The Garabí Dam (Represa de Garabí), is a planned dam and generating station on the Uruguay River between Argentina and Brazil. Part of the Garabí-Panambi Hydroelectric Complex. There is some controversy over the environmental impact on the fast-flowing river. As of March 2026, the dam is still in planning stages, due to legal challenges and local opposition.

==Location==

The dam would be built in the Corrientes provinces of Argentina and the Garruchos municipality of Rio Grande do Sul in Brazil. The exact location would depend on the results of geological studies of the sites.The Garabí Dam would be about 6 km downstream from the town of Garruchos, and in Brazil its reservoir would cover parts of the municipalities of Garruchos, Santo Antônio das Missões, São Nicolau, Pirapó, Roque Gonzales, Porto Vera Cruz, Porto Lucena and Porto Xavier.The project is a joint venture of Eletrobras of Brazil and Emprendimientos Energéticos Binacionales (Ebisa) of Argentina.

==Technical==

In 1988 the proposed dam would have a reservoir at an altitude of 94 m above sea level, two engine houses with 6 Kaplan turbines each giving a total installed capacity of 1,400 to 1,800MW with an annual average of 6,100GWh.The dam would have a maximum height from the foundation of 81 m and a length of about 3800 m. The two machine houses would share a common tunnel in the river bed. The reservoir would be 145 km long, with an area of 810 km2. As of March 1986 the estimated cost was US$1,357 million and by December 1994 the estimate had been revised to US$1,789 million.

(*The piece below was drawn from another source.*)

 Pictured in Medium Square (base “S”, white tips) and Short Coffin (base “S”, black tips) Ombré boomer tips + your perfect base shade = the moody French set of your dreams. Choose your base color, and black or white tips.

Under a revised plan in 2010 the proposed dam would have an altitude of 89 m above sea level, one engine house with 8 Kaplan turbines, giving an installed capacity of 1,152MW, with an annual average of 5,970GWh.The dam would be about 40 m high and 3200 m long.As of 2016 the estimated cost was US$2,728 million.

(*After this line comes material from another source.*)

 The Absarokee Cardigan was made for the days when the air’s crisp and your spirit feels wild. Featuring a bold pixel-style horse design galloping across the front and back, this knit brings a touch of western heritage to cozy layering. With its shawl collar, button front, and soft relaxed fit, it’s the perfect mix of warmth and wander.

==Planning and approval process==

Proposed hydroelectric exploitation of the Uruguay River has a long history.In a convention between Argentina and Brazil signed on 14 March 1972, three sites were selected: Roncador, or Panambí, with 2,700MW, Garabi with 1,800MW and San Pedro with 1,700MW. Arguments in favor of the projects were that they would support development of the local and regional economies, help make the two countries independent of external energy suppliers using a renewable resource and would avoid using hard currency resources.In 2003 the Garabí Dam which would flood 300 km2 in southern Misiones, was still on hold as was the Roncador/Panambí dam.

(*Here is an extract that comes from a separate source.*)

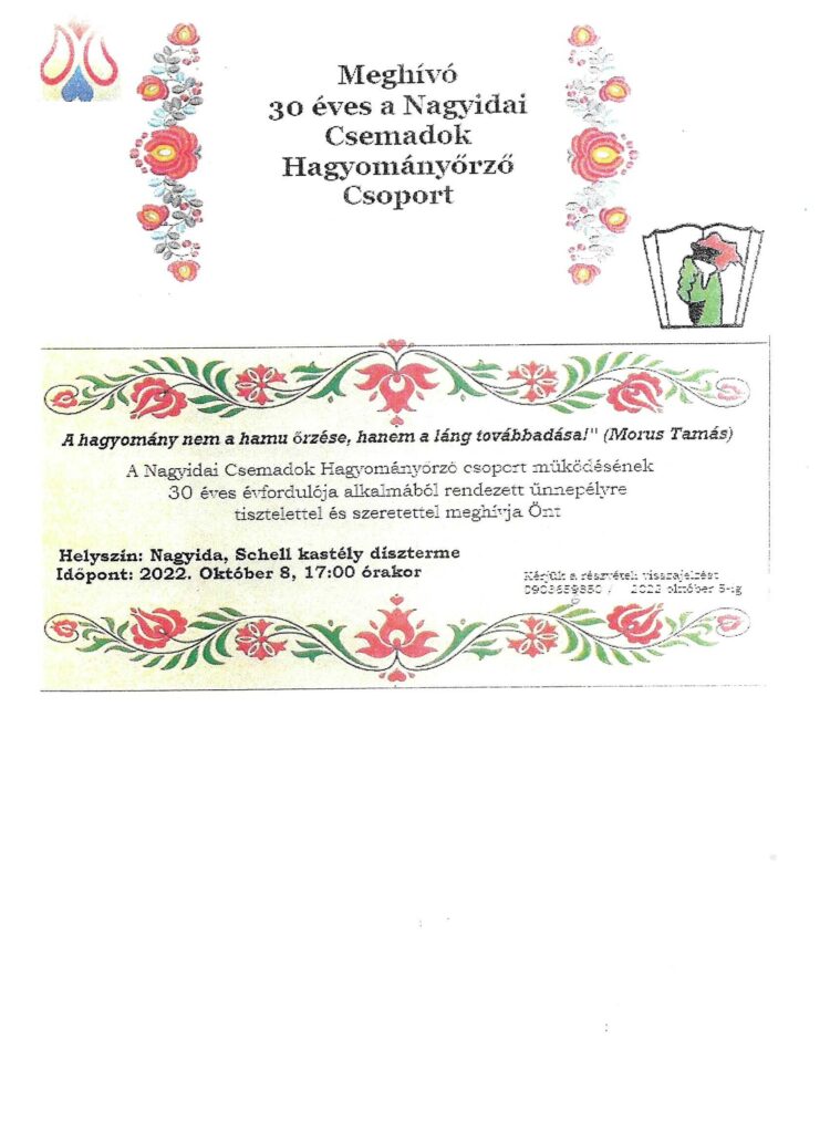 A Csemadok Kassa-környéki Területi Választmány titkáraként örömmel továbbítom a Nagyidai Csemadok Hagyományőrző Csoport meghívóját a népművészeti csoport megalakulása 30. évfordulója alkalmából rendezett gálaműsorára és ünnepélyére. Az ünnepség Nagyidán lesz a Schell kastély dísztermében, 2022. október 8-án, szombaton délután, 17:00 órai kezdettel. A Csemadok Kassa-környéki Területi Választmány Elnöksége és titkársága tisztelettel és szeretettel vár benneteket az ünnepségre.

Brazil and Argentina signed an agreement in 2005 for two possible dams, the Garabí Dam with 1,150MW and the Panambí Dam with 1,050MW. Eletrobras and EBISA were to undertake the project expected to be completed by 2013, although it had met some local opposition.In November 2007 the Brazilian head of state Luiz Inácio Lula da Silva and his Argentinian counterpart Cristina Fernández de Kirchner agreed to prioritize construction of the Garabí binational dam.The next day, the planning ministers of Brazil and Argentina endorsed these agreements on exchange of energy. The governments of Corrientes and Rio Grande do Sul wanted to implement the Garabí Binational Project as quickly as possible.

A cooperation agreement was signed in Rio de Janeiro on 1 September 2008 between Emprendimientos Energéticos Binacionales S.A. (EBISA) and Centrais Elétricas Brasileiras S.A. (ELETROBRAS). The hydroelectric inventory study was concluded in 2010, recommending the Garabí have 1,152 MW with a 642 km2 reservoir. The environmental and engineering studies and social communications plan were started in May 2013 as well as the technical bidding documents.In February 2014 the Brazilian Institute of Environment and Renewable Natural Resources (IBAMA) approved the terms of reference for rescuing the fauna. The survey was to start in April 2014. However, in 2015, Argentine locals who opposed the construction of the dam (and the complex in general) submitted a bill called "proyecto de Ley por los Ríos Libres" (Bill for Free-Flowing Rivers) to the provincial legislature. The bill was formally introduced in 2019, posing an immense legal challenge for the future of the project and effectively halting it for the time being. In addition, Brazilian courts in 2015 suspended licenses because they project would flood approximately 60 hectares of Turvo State Park, stating that it was illegal and violated environmental legislation.